US backs UN meeting on N.Korea rights violations
AP, , Tuesday 16 Dec 2014


U.S. Ambassador Samantha Power said the United States fully supports the U.N. Security Council's first-ever meeting next Monday on human rights violations in North Korea, which she calls "among the worst in the world."

Power said in a statement Tuesday that the council will address "the profound impact this man-made tragedy has on regional and international peace and security."

A U.N. commission of inquiry report early this year detailed widespread rights abuses in North Korea and warned that its leader Kim Jong Un could be held accountable.

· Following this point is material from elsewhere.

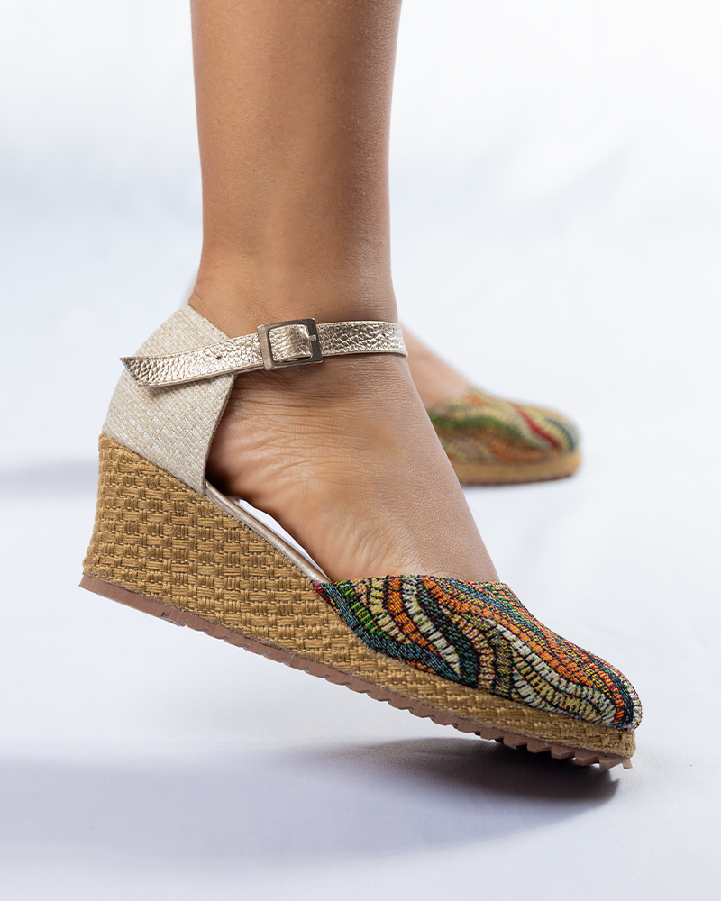 Zapatos elaborados en gobelino en colores, altura playa de 4.5cm forrada en yute, suela antideslizante, correita en cuero.
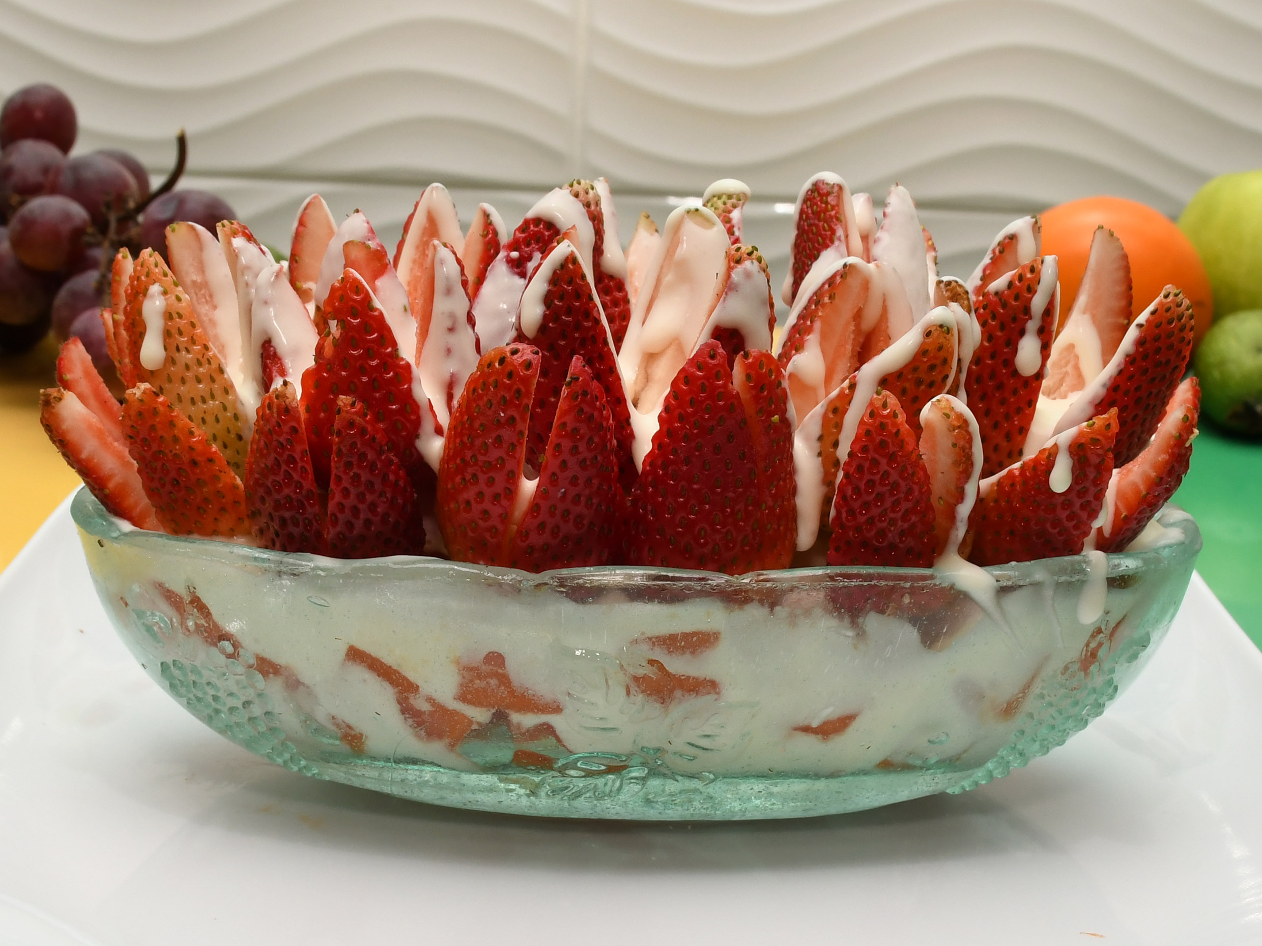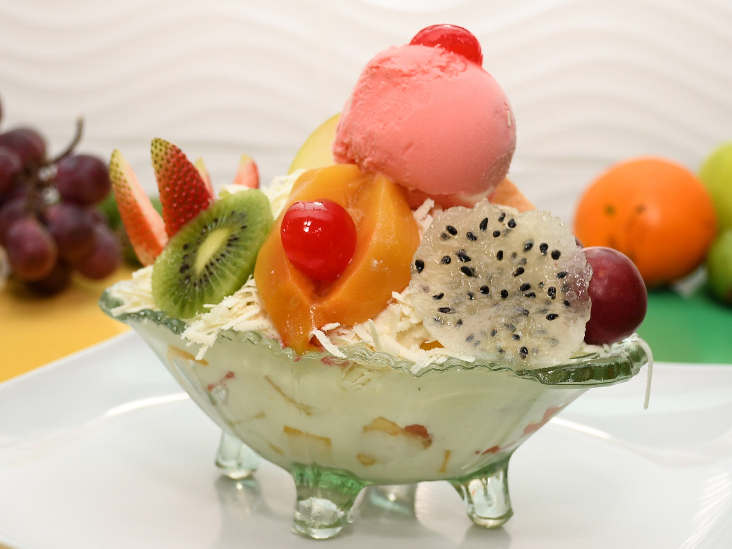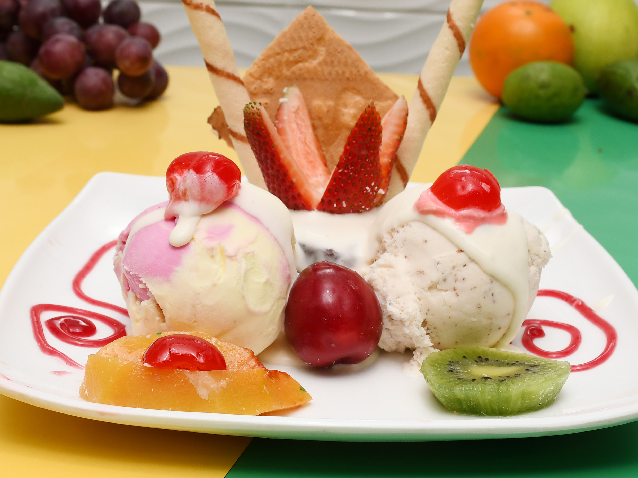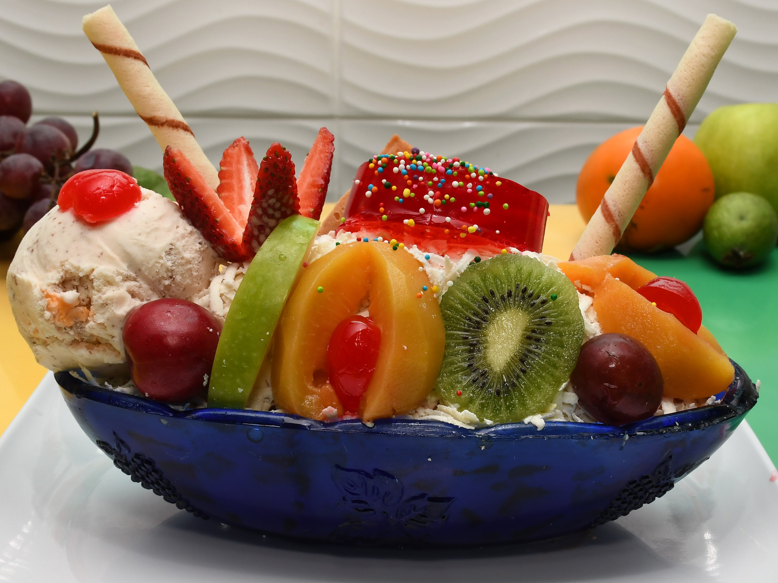 1 Porción de helado,frutas variada como: fresas, kiwi, pitaya, duraznos, manzanas, cerezas, queso, crema de leche y porción de frutas.

A draft U.N. General Assembly resolution, which is expected to be approved next week by the 193-member world body, calls on the Security Council to refer the North's human rights situation to the International Criminal Court.

Monday's council meeting follows a letter to the council president on Dec. 5 from 10 of the 15 council members requesting that North Korea's human rights situation be placed on the council agenda for debate — the first step toward a possible ICC referral.

For the council to put an issue on the agenda, support from at least nine members is required. If North Korea's allies China or Russia object on Monday, the meeting is certain to go ahead because it has support from at least the 10 members who signed the letter.

U.N. diplomats said U.N. Assistant Secretary-General for Human Rights Ivan Simonovic and U.N. political chief Jeffrey Feltman will brief the council at Monday afternoon's meeting.

Power said North Korea's human rights violations are widespread and systematic "and given the threat they pose to peace and security they have been going on outside the scrutiny of the U.N. Security Council for far too long."

"We look forward to the day when the North Korean people no longer have to live in fear of enslavement, rape or murder, and when those responsible for North Korea's horrors are brought to account," she said.

North Korea asked the U.N. Security Council in a letter Monday to take up the CIA's harsh treatment of terror suspects, instead of the North's own human rights situation. That would require support from nine council members, which is virtually impossible for the North to muster.